*** Opening PROVIDED DATA ***
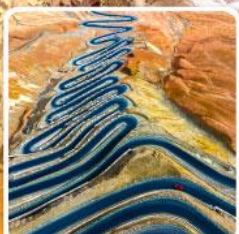
ถนนผานหลงกู่ต้าว
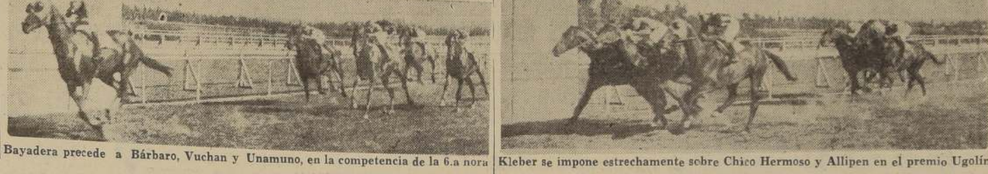
Bayadera precede a Bárbaro, Vuchan y Unamuno, en la competencia de la 6.ª noche
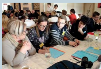
fol. R. Plezia
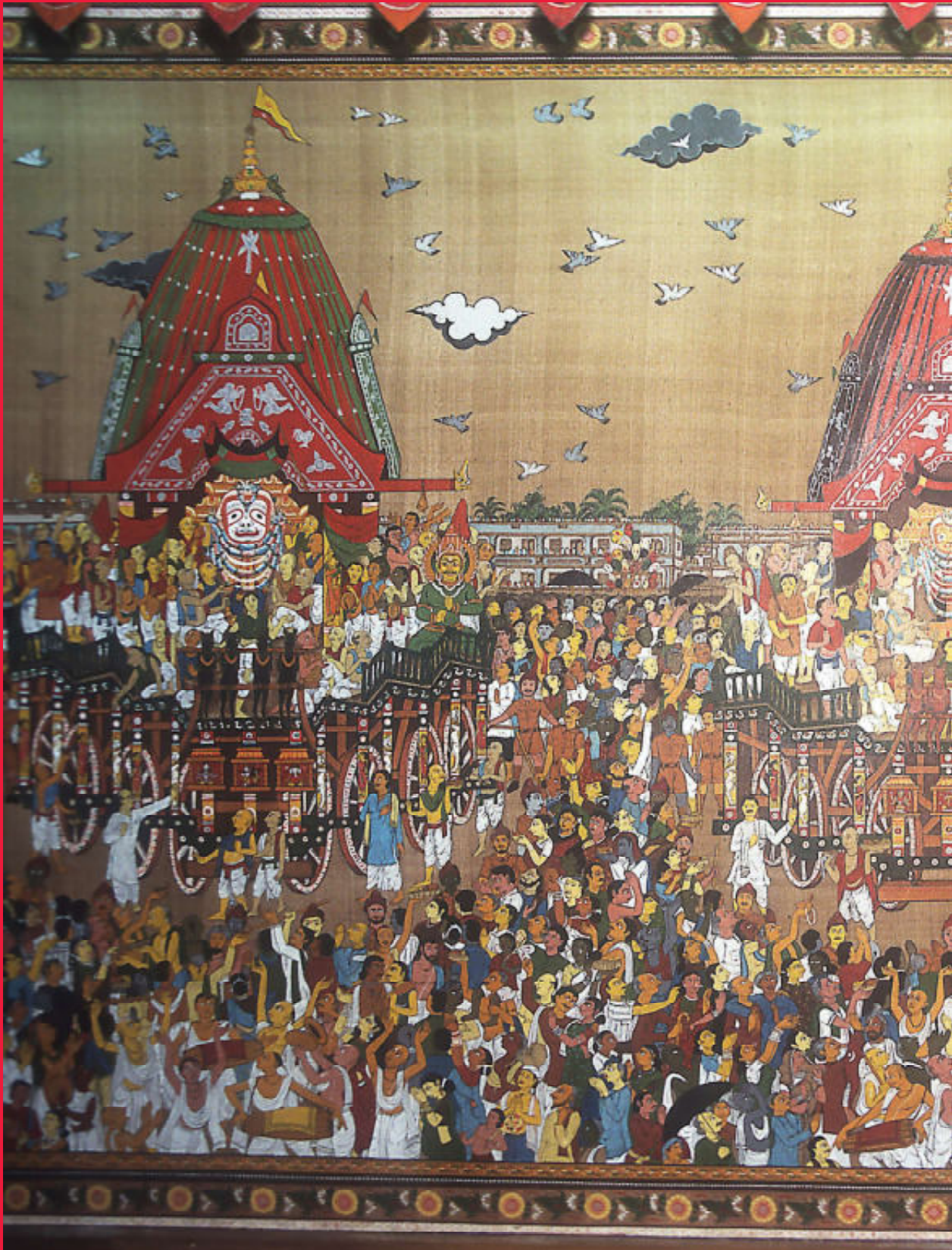
In het museum van Puri hangt een afbeelding van de met pracht en praal omgeven viering van het Rath Yatra
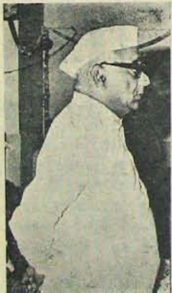
అధికారిని పోలికే ధిల్లికి ప్రయాణం?

ఇనవరితర్వాత హైదరాబాదుకుపోని ఈ విలేజింగ్, అనగరం ఏ గండరగోళానికి గురికానట్టే కనపించింది. ప్రశాంతంగావుంది. ప్రజలూ తమ వాస్తవికతలో నిమగ్నమైవున్నట్టే కనపడింది. హోటళ్ళు బజారులు అన్ని మామూలుగానే కళకళ మంటున్నాయి. అయితే ఏకైకంలో ఏ వుచద్రవం వచ్చినదాకుండోననే భయనందే హాలమాత్రం వ్యతిరేకంగా పీడిస్తున్నట్టే వుంది. బయటనుండి రాజధానికి రోడ్డుమీద వ్యయాణించేవారిమాత్రం నల గురు గుడి కూడినదృశ్యం కలిగివున్నది. మేము వ్యయాణిస్తుంటే ఒకరోజు తెలిపోనకాలకు చెందినవారు వదిలించి రోడ్డు మీద వదిలి వేస్తున్నారు. ఆ గుంపును దూరాన్నే చూచిన ఈ వ్యయాణికడికి అనుమానం కలిగింది. అట్టే అంకొంత దూరం పోయినతర్వాత, రాజీయాలలో విద్యవస్తవ్యక్తి వున్నట్టున్నాడు, కాదు గాని, ఒక తూముమీద కూర్చొని ప్రాన్సిస్టర్ పెట్టకొని, వార్తలు వింటున్నాడు;
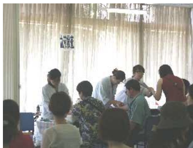
特定健診実施風景
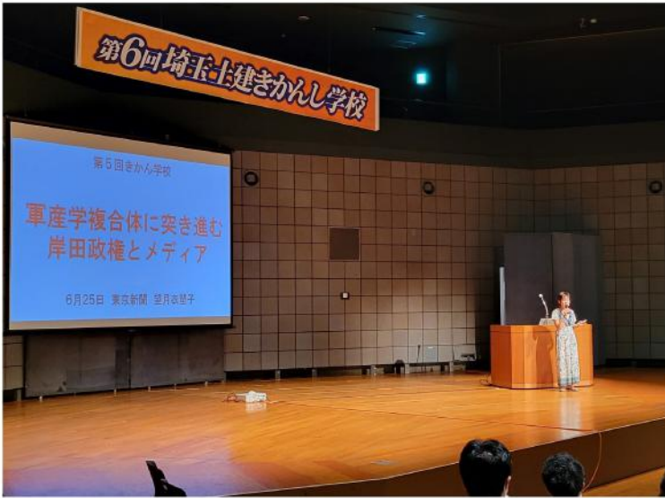
望月衣塑子記者の講演

最後に、「武装宣言が正気の沙汰か。それこそ狂気の沙汰だという結論は考え抜いた結果出ている。その歴史的使命を日本が果たすのだ」の幣原喜重郎の言葉と、「あなたのす
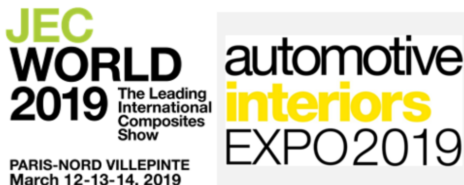
Figura 7. Participação em feiras e workshops no âmbito do projeto AutoEcoMat.

Relativamente à participação em feiras da especialidade e workshops relacionados com os tópicos de desenvolvimento do presente projeto, os vários elementos do consórcio tiveram a oportunidade de participar apenas nos eventos apresentados na Figura 7, dado o adiamento ou cancelamento dos eventos desta espécie, durante a fase pandémica.
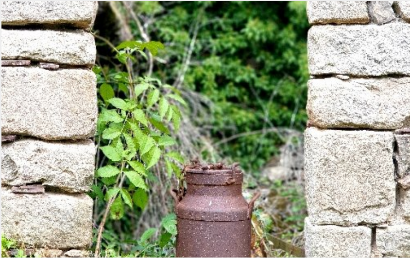
Hameau médiéval de Saint-Caprazy
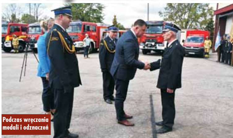
Podczas wręczenia medali i odznaczeń
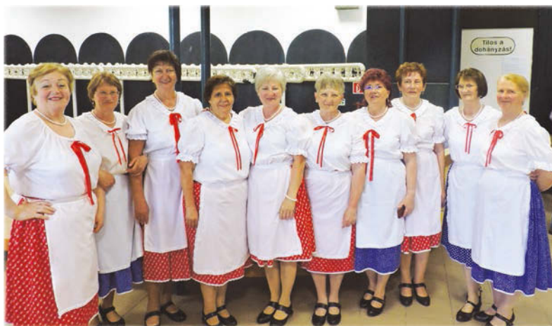
Az ajka-padragkúti Orchidea Tánc csoport
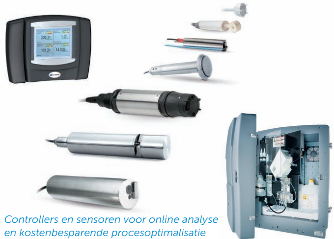
Controllers en sensoren voor online analyse en kostenbesparende procesoptimalisatie
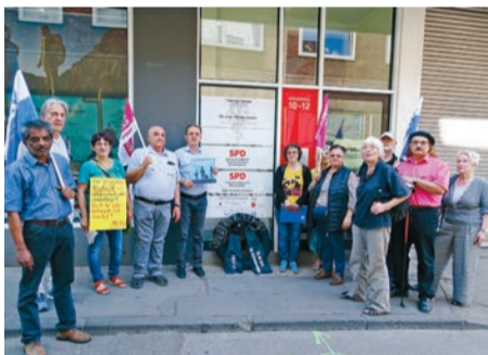
Protest gegen Asylkompromiss
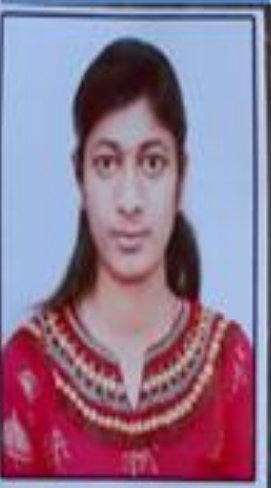
CDT PRAGATI HADE MAHARASHTRA FOREST GUARD
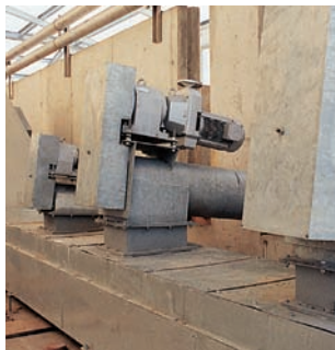
Rohrförderschnecken in der Klärschlammaufbereitung

Weitere Referenzanlagen unter www.keiperkg.de
*** Closing PROVIDED DATA ***
All lines from the one containing "Hameau médiéval de Saint-Caprazy" through the end of the data are to be restated exactly, with nothing else and without the pictures.

Hameau médiéval de Saint-Caprazy
Podczas wręczenia medali i odznaczeń
Az ajka-padragkúti Orchidea Tánc csoport
Controllers en sensoren voor online analyse en kostenbesparende procesoptimalisatie
Protest gegen Asylkompromiss
CDT PRAGATI HADE MAHARASHTRA FOREST GUARD
Rohrförderschnecken in der Klärschlammaufbereitung

Weitere Referenzanlagen unter www.keiperkg.de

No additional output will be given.